Dream teams

Creativity, commercial nous, tenacity, personality, a sense of humour… companies aren’t easy to satisfy when it comes to what they want from the groups they appoint. Anna Richardson has the clients’ perspective on whether designers have the right strings to their bow

Design clients can pick and choose from the crème de la crème in consultancies, so a certain level of design skills is a given. For many on the client side some less tangible skills are what they’re after. ’In a funny kind of way, design and creativity almost went without saying,’ says Kate Blandford, former head of packaging design at Sainsbury’s and founder of Kate Blandford Consulting. ’You wouldn’t let [design consultancies] through the door unless they had evidence of creativity and design effectiveness – of not just having done beautiful work, but also producing sales-driving or penetration-driving work.’

At Sainsbury’s, the decision-making criteria were much more about personality and approach, explains Blandford. ’It’s a big turnoff when design consultancies want to talk about nothing but themselves, which sadly still happens a lot. They have to understand not to be self-indulgent, but to talk about what the client wants and needs, and how they can help to solve those issues.’

Clive Grinyer, director of customer experience at Cisco, agrees there needs to be a change in attitude among designers, especially if they want to succeed in the corporate sector. ’They have to tick all the boxes regarding creativity and design talent,’ he says. ’But designers also need the desire to transfer those skills to other situations and be willing to push on, in what is perhaps not always a friendly, or certainly is a less comfortable, working environment. The ability to extend your way of thinking and transfer it to different types of design is really important.’

Team work and collaboration are also high on clients’ wish lists. ’You get better output from everybody through shared knowledge and a bit of healthy creative competitiveness,’ says Blandford, while Joe Ferry, head of design at Virgin Atlantic Airways, states, ’The last thing we need is a prima donna.’

Commercial nous is equally vital to many clients. ’One of my hobby horses is how, as a nation, we are still checking graduates out of college with so little commercial knowledge,’ says Blandford. ’The whole design industry has to grow up about this – design consultancies that really understand their clients’ businesses are still fairly few. You have to have commercial skills and the people skills.’

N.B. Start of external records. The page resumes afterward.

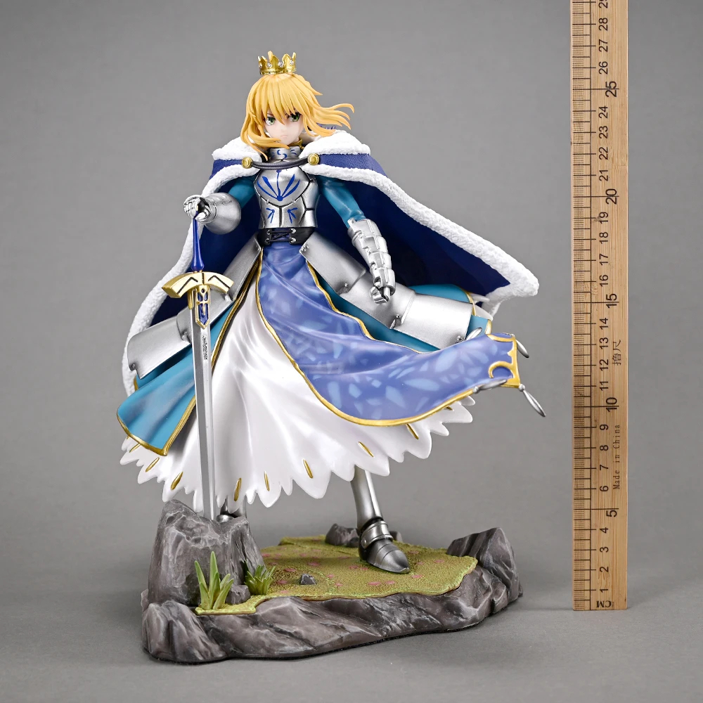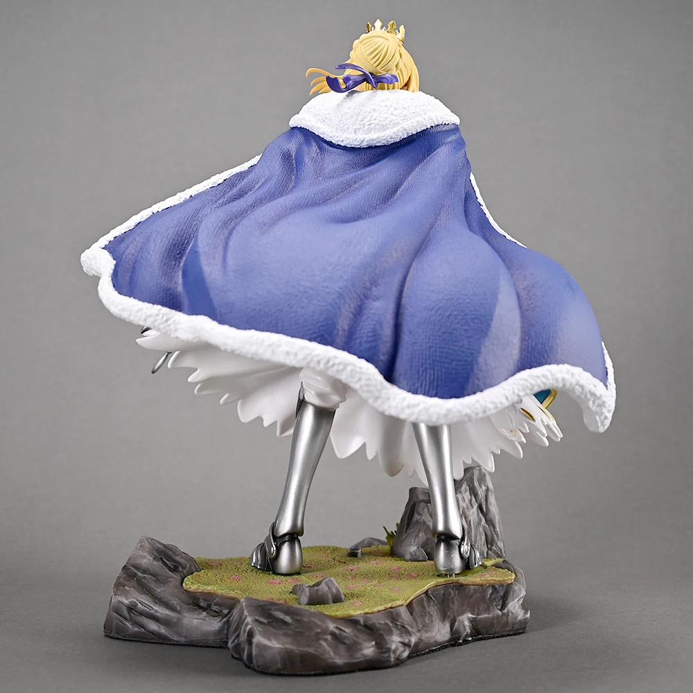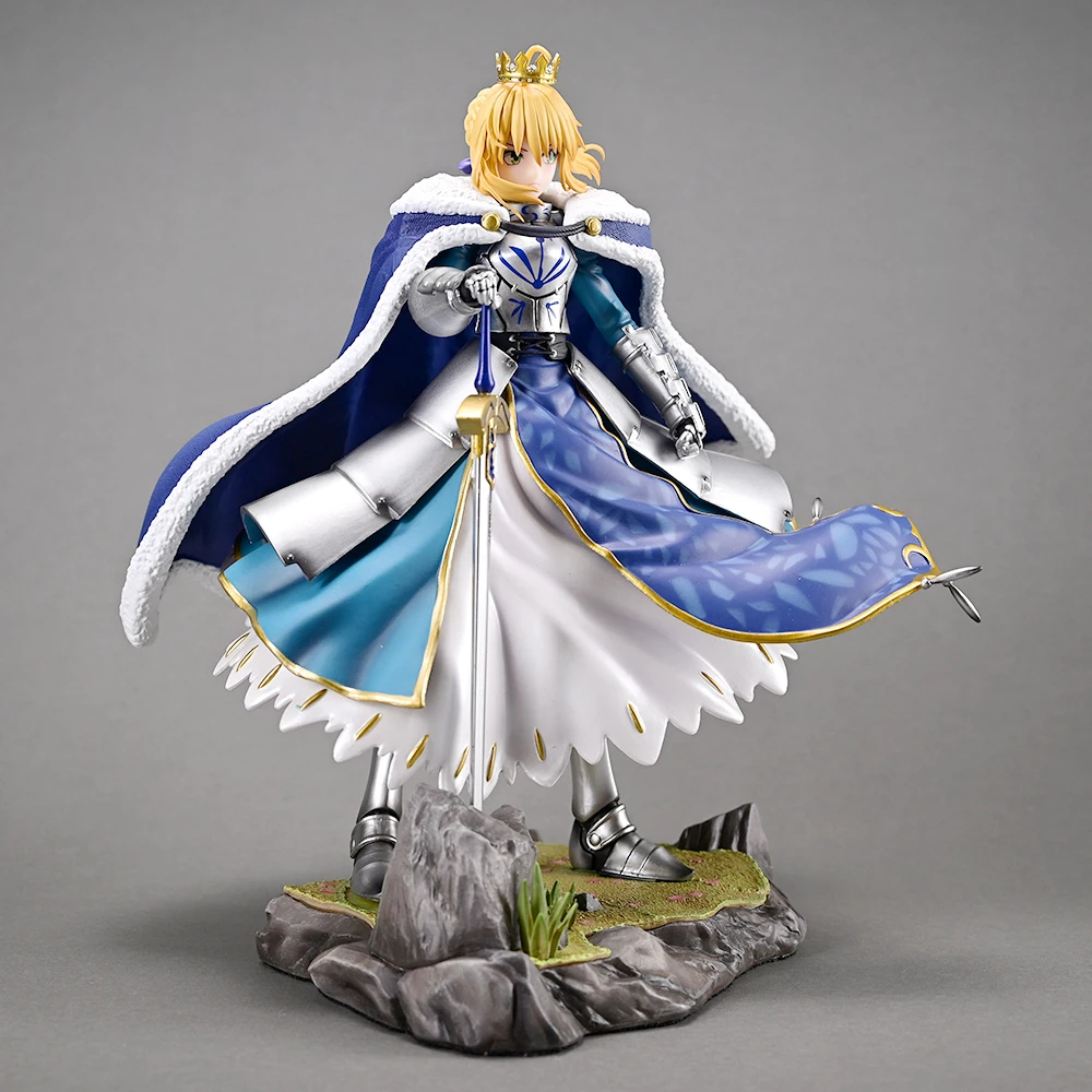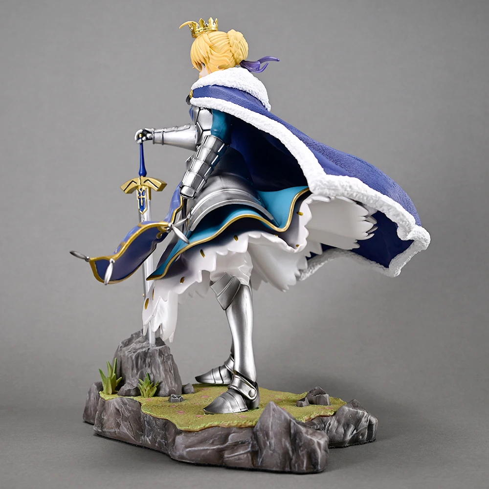 Cada aspecto de esta figura ha sido meticulosamente esculpido y pintado para asegurar una fidelidad asombrosa al diseño de Saber. Desde la compleja armadura y los pliegues de su capa, hasta la expresión serena pero determinada en su rostro y el brillo de su espada, la atención al detalle es inigualable. La calidad de la escultura y la pintura, junto con la base rocosa que la acompaña, crean una pieza que evoca su legendaria presencia en el campo de batalla.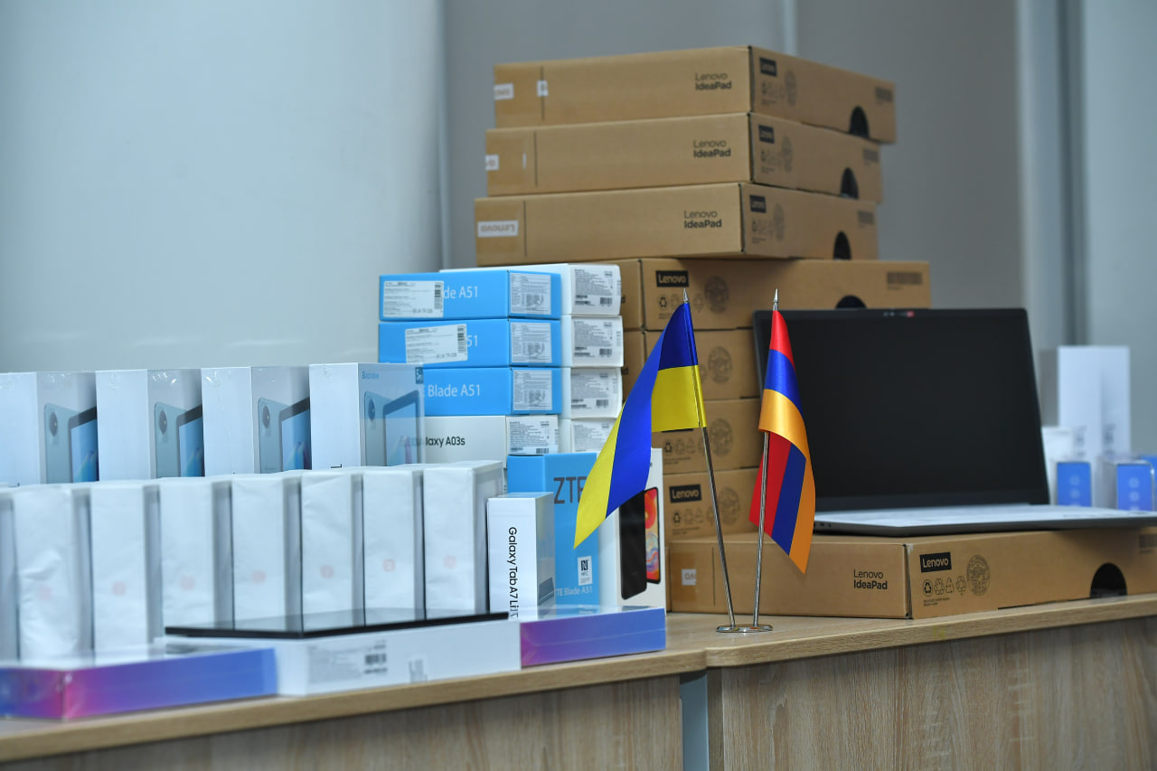 От Армении на нужды украинского образования выделили 1050 гаджетов: смартфоны, ноутбуки, планшеты. Ноутбуки и планшеты будут переданы в собственность учебных заведений, смартфоны как персональные подарки учащимся учреждений профессионально-технического образования из малообеспеченных семей.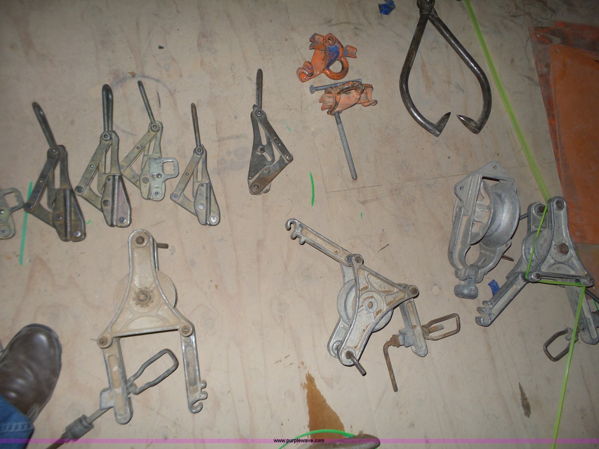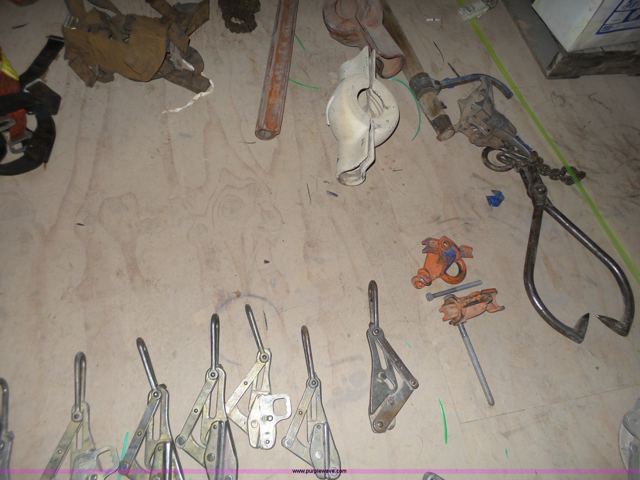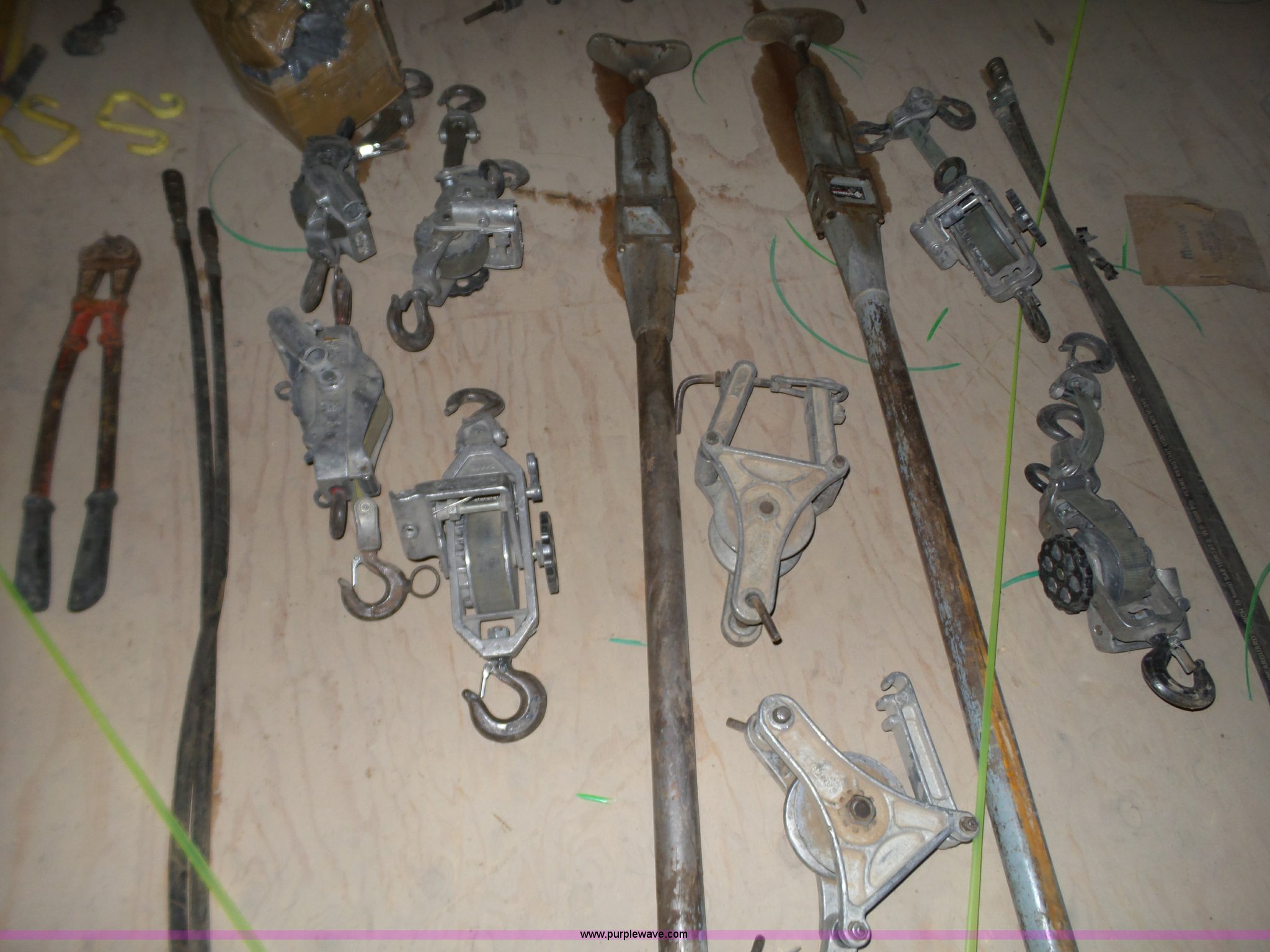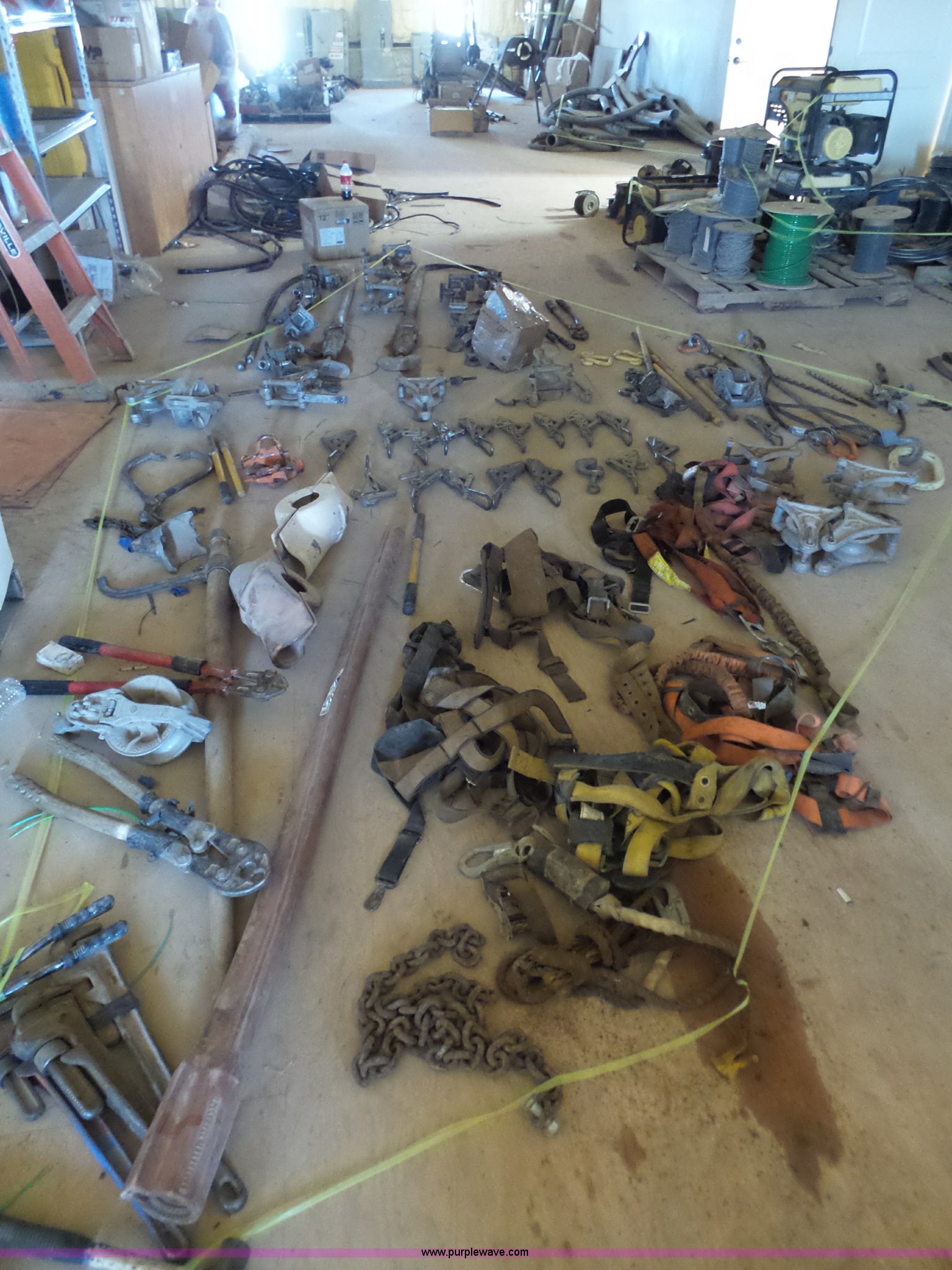 Purple Wave is selling a used Tools in Texas. This item is a Lineman tools with the following: Pullers, Stretchers, Harnesses, Insulators and more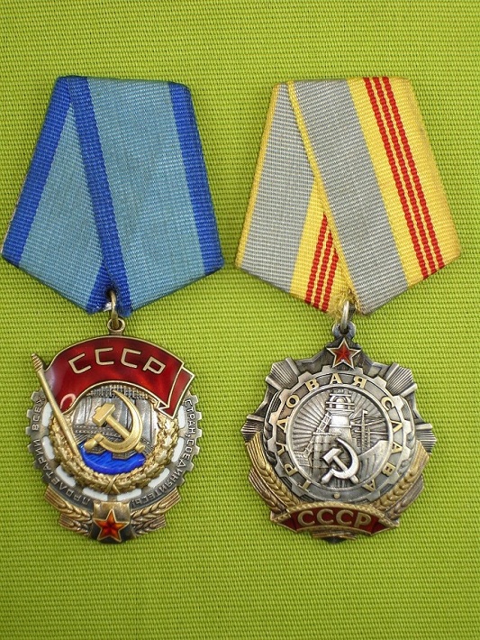 Лот из двух орденов. Орден Трудового красного знамени 117306, Орден трудовой славы 50528. В отличном состоянии.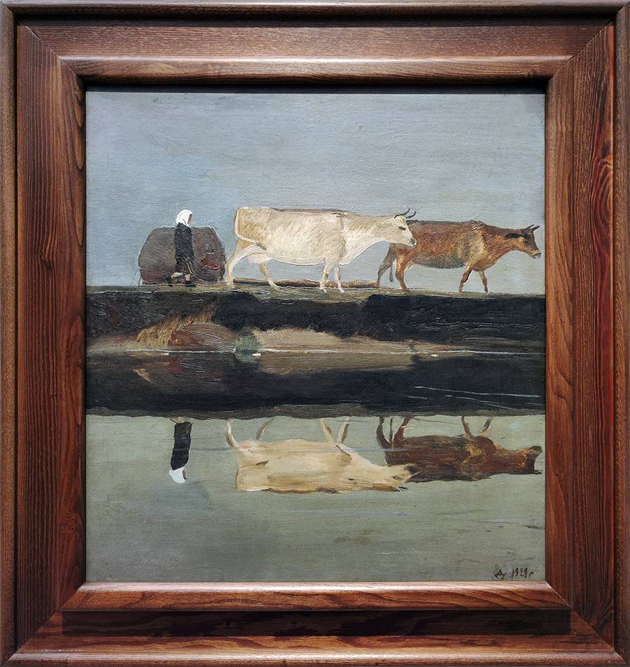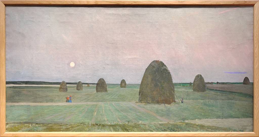 Его по-прежнему влекут красавицы. Великолепен портрет архитектора Тамары Милёхиной (1948-1949). Эффектная дама сидит в кресле, на ней модное «с плечиками» платье глубоко-бордового цвета. Рядом – скульптура обнажённой спортсменки, сделанная в 1930-х годах – надо сказать, что в искусстве 1940-1950-х практически не встречается «ню». Всё чаще мастер обращается к природе, как к источнику вдохновения. Тому примеры – «Вечер в полях. Пейзаж со стогом» (1949), «Георгины и флоксы» (1950-е гг.), «Вечер в Подрезкове» (1958).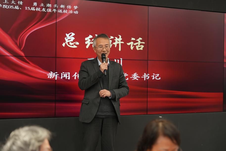 校友分享环节,2005届校友代表朱超明深情回顾了求学岁月,感恩母校培养,并表示将积极支持学院发展。同届校友印济良分享了校友间同心互助的温暖故事,呼吁新传校友加强联结、凝聚力量、携手前行。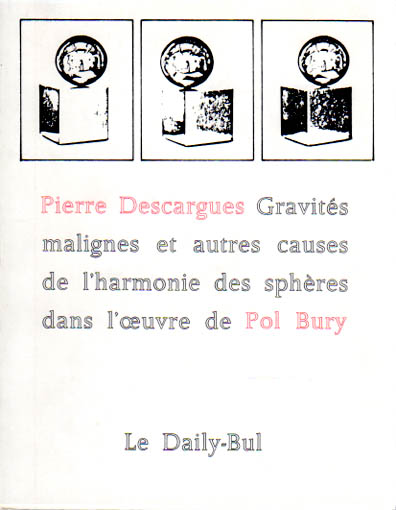 Bury, Pol – Pierre Descargues: Gravités malignes et autres causes de l´harmonie des sphères dans l´oeuvre de Pol Bury. La Louviére. Le Daily-Bul. 1980. 18 x 14 cm. 100 unpaginierte S. OKarton mit illustriertem OUmschlag. Umschlagkanten nachgedunkelt und etwas berieben. Gutes Exemplar. (Französischer) Text von Pierre Descargues mit zahlreichen s/w Arbeiten von Pol Bury. Exemplar 311 von 1000 nummerierten Exemplaren.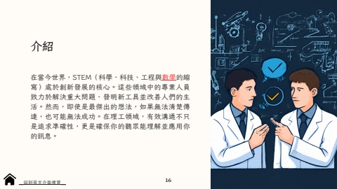 %u4ecb%u7d39%u5728%u7576%u4eca%u4e16%u754c%uff0cSTEM%uff08%u79d1%u5b78%u3001%u79d1%u6280%u3001%u5de5%u7a0b%u8207%u6578%u5b78%u7684%u7e2e%u5beb%uff09%u8655%u65bc%u5275%u65b0%u767c%u5c55%u7684%u6838%u5fc3%u3002%u9019%u4e9b%u9818%u57df%u4e2d%u7684%u5c08%u696d%u4eba%u54e1%u81f4%u529b%u65bc%u89e3%u6c7a%u91cd%u5927%u554f%u984c%u767c%u660e%u65b0%u5de5%u5177%u4e26%u6539%u5584%u4eba%u5011%u7684%u751f%u6d3b%u3002%u7136%u800c%uff0c%u5373%u4f7f%u662f%u6700%u5091%u51fa%u7684%u60f3%u6cd5%uff0c%u5982%u679c%u7121%u6cd5%u6e05%u695a%u50b3%u9054%uff0c%u4e5f%u53ef%u80fd%u7121%u6cd5%u6210%u529f%u3002%u5728%u7406%u5de5%u9818%u57df%uff0c%u6709%u6548%u6e9d%u901a%u4e0d%u53ea%u662f%u8ffd%u6c42%u6e96%u78ba%u6027%uff0c%u66f4%u662f%u78ba%u4fdd%u4f60%u7684%u807d%u773e%u80fd%u7406%u89e3%u4e26%u61c9%u7528%u4f60%u7684%u8a0a%u606f%u300216%u5230%u82f1%u6587%u4ecb%u9762%u8907%u7fd2__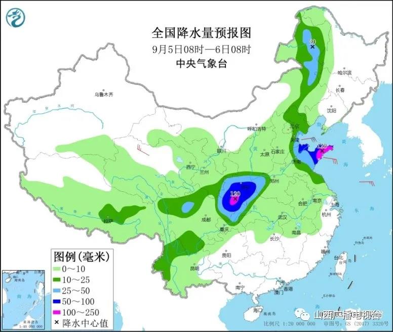 9月5日08时至6日08时,内蒙古东北部、陕西中南部、天津东部、山东中东部、河南西部、四川东北部等地部分地区有大到暴雨,其中,陕西南部、山东半岛、四川盆地东北部等地部分地区有大暴雨(100~120毫米)。青海北部部分地区有4~5级风(见图4)。

Virgin Atlantic Airways, meanwhile, has an extensive in-house design team that takes care of the certification and safety constraints of the business, so outside consultancies need to bring a different dimension to the table. ’We look for designers or consultants that will invigorate our thinking,’ says Ferry. ’We like people with fresh approaches and look for outside consultants to enlighten us about new trends or paths in design.’

It’s about challenging conventions, and about perseverance, he adds, ’It takes a lot of effort and creative know-how to generate concepts that are fairly good, so to come up with the drop-dead-gorgeous concept takes a lot of energy and tenacity,’ he says.

What is lacking among designers is often more behavioural, according to Blandford, who objects to consultancies that ’stop selling to their clients’ once they’re in place: ’Consultancies have to continue to sell and market to existing clients, to keep them on the mailing list and make sure they tell them information before it hits the press.’

New business practice also needs to improve, she adds. ’The best consultancies are those who demonstrate an understanding, a personality, a point of view and a sense of humour – and they understand that [a potential client might get] several hundred e-mails a day. If they send a complex link to click through, the chances are they ain’t going to look at it.’

One aspect that has changed over the years among consultancies pitching to secure a job is the use of technology for presentations – which means that design thinking has to take centre stage from day one. Where in the past presentation skills very much drove whether designers got a job, with the computer renderings of today ’you can make something look incredibly good very quickly’, Ferry reckons. ’So now our focus is more on the inherent integrity of a design or the integrity of a concept, rather than whether we make it look funky from day one.’